Task instructions:
Repeat the span of the entries below that starts at the line with "Pre-owned Sandro black" and ends at the line with "岁序更替,华章日新,2023", nothing more. Skip the pictures.

Data shown:
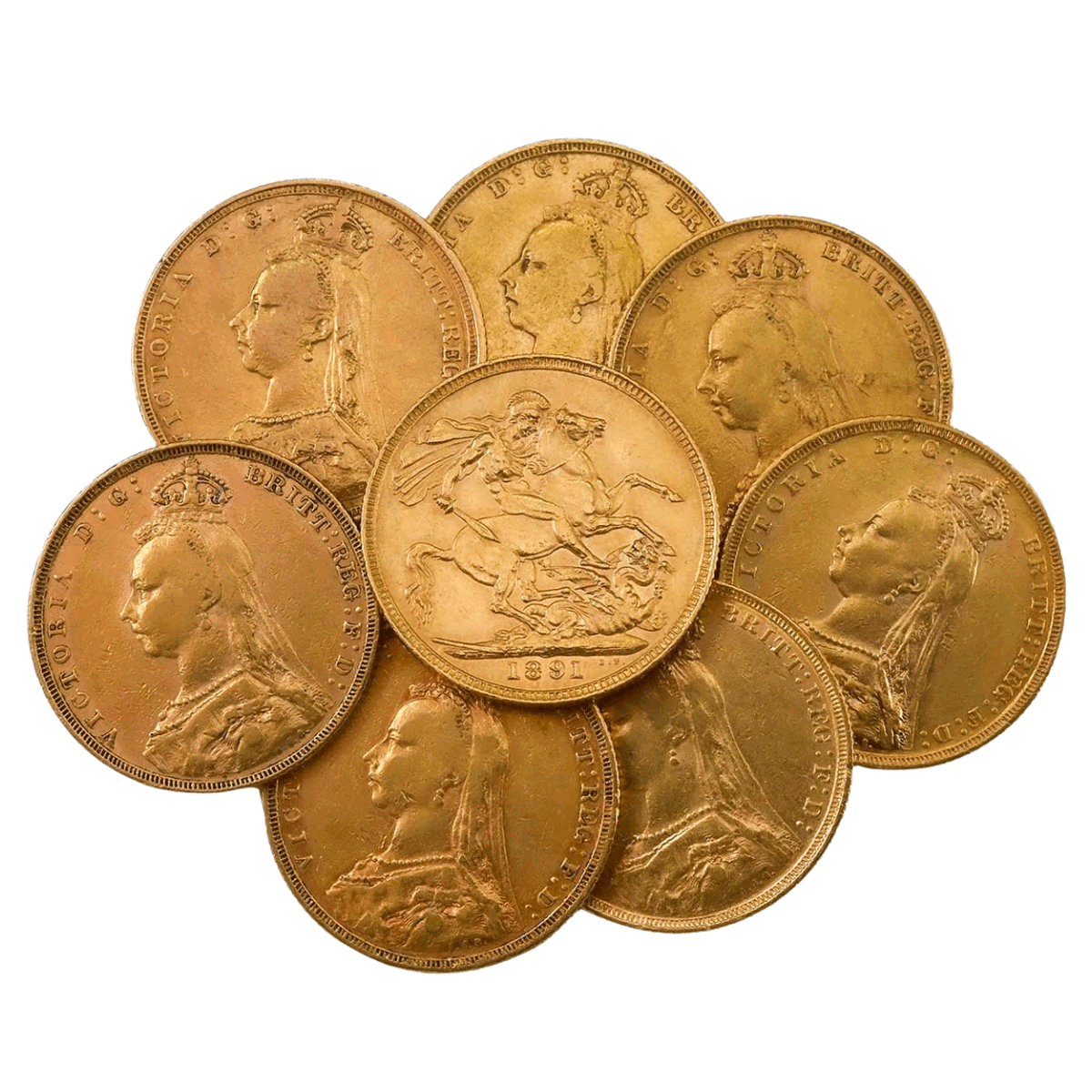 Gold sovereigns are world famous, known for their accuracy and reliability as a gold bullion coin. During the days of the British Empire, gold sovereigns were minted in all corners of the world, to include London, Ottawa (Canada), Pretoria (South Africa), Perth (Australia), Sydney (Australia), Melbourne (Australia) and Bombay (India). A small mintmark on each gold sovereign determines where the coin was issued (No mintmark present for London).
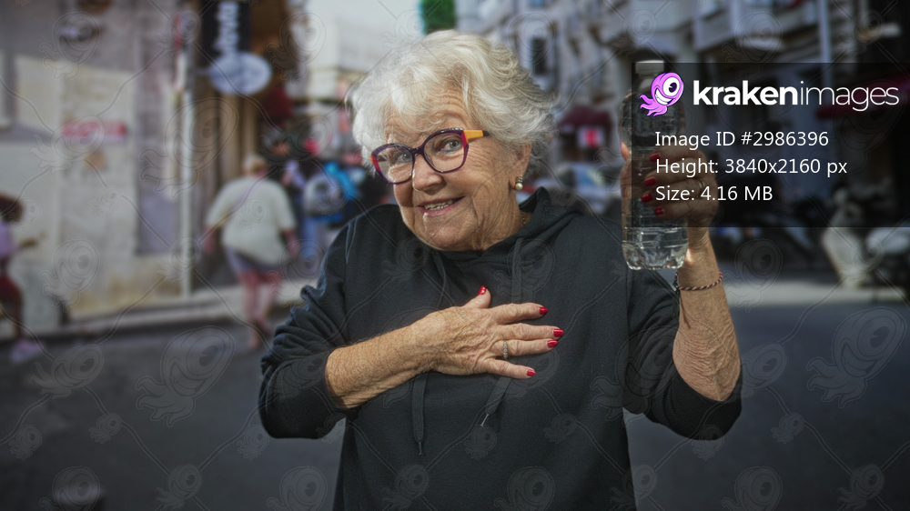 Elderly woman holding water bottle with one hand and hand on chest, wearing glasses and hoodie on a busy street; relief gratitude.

---

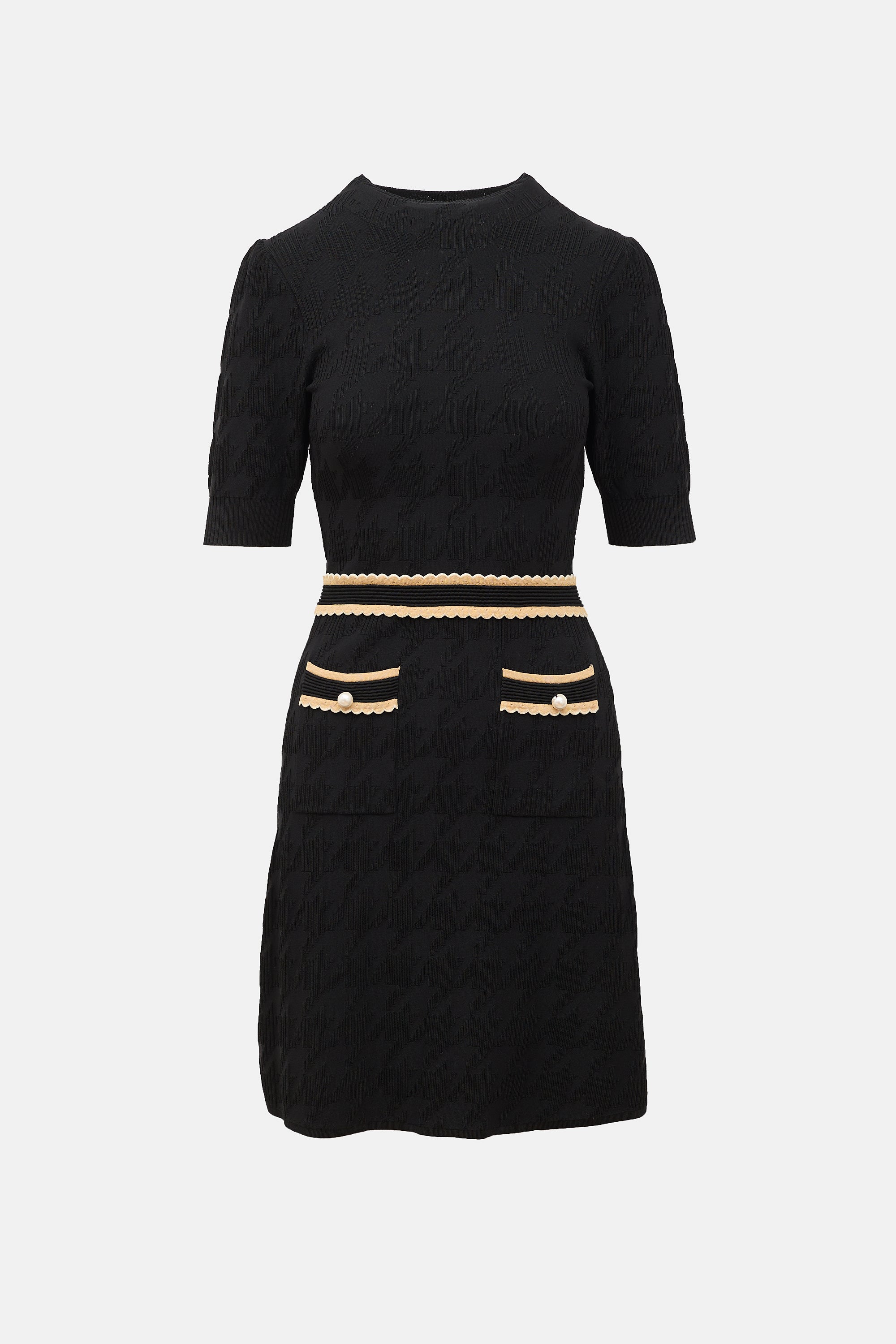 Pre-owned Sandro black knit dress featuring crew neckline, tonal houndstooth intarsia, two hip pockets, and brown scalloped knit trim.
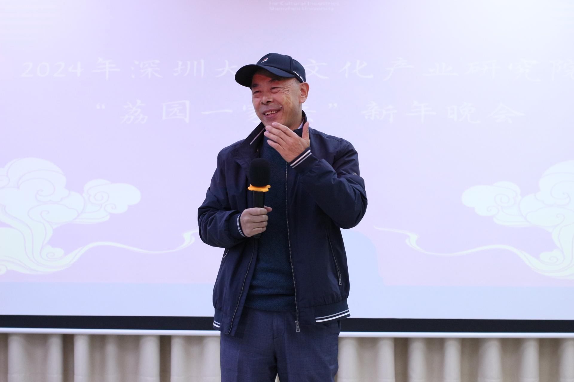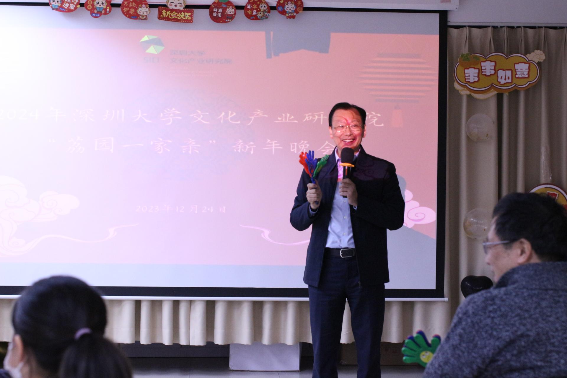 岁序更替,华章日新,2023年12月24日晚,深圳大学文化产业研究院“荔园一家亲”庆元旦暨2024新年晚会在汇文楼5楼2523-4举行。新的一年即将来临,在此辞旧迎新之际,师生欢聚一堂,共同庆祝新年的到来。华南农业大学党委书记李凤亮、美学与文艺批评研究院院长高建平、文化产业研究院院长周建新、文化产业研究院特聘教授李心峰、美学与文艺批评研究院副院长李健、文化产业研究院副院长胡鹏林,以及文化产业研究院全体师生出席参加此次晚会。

---

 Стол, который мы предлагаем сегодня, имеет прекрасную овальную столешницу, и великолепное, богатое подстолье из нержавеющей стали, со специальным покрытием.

Written response:
 Pre-owned Sandro black knit dress featuring crew neckline, tonal houndstooth intarsia, two hip pockets, and brown scalloped knit trim.
 岁序更替,华章日新,2023年12月24日晚,深圳大学文化产业研究院“荔园一家亲”庆元旦暨2024新年晚会在汇文楼5楼2523-4举行。新的一年即将来临,在此辞旧迎新之际,师生欢聚一堂,共同庆祝新年的到来。华南农业大学党委书记李凤亮、美学与文艺批评研究院院长高建平、文化产业研究院院长周建新、文化产业研究院特聘教授李心峰、美学与文艺批评研究院副院长李健、文化产业研究院副院长胡鹏林,以及文化产业研究院全体师生出席参加此次晚会。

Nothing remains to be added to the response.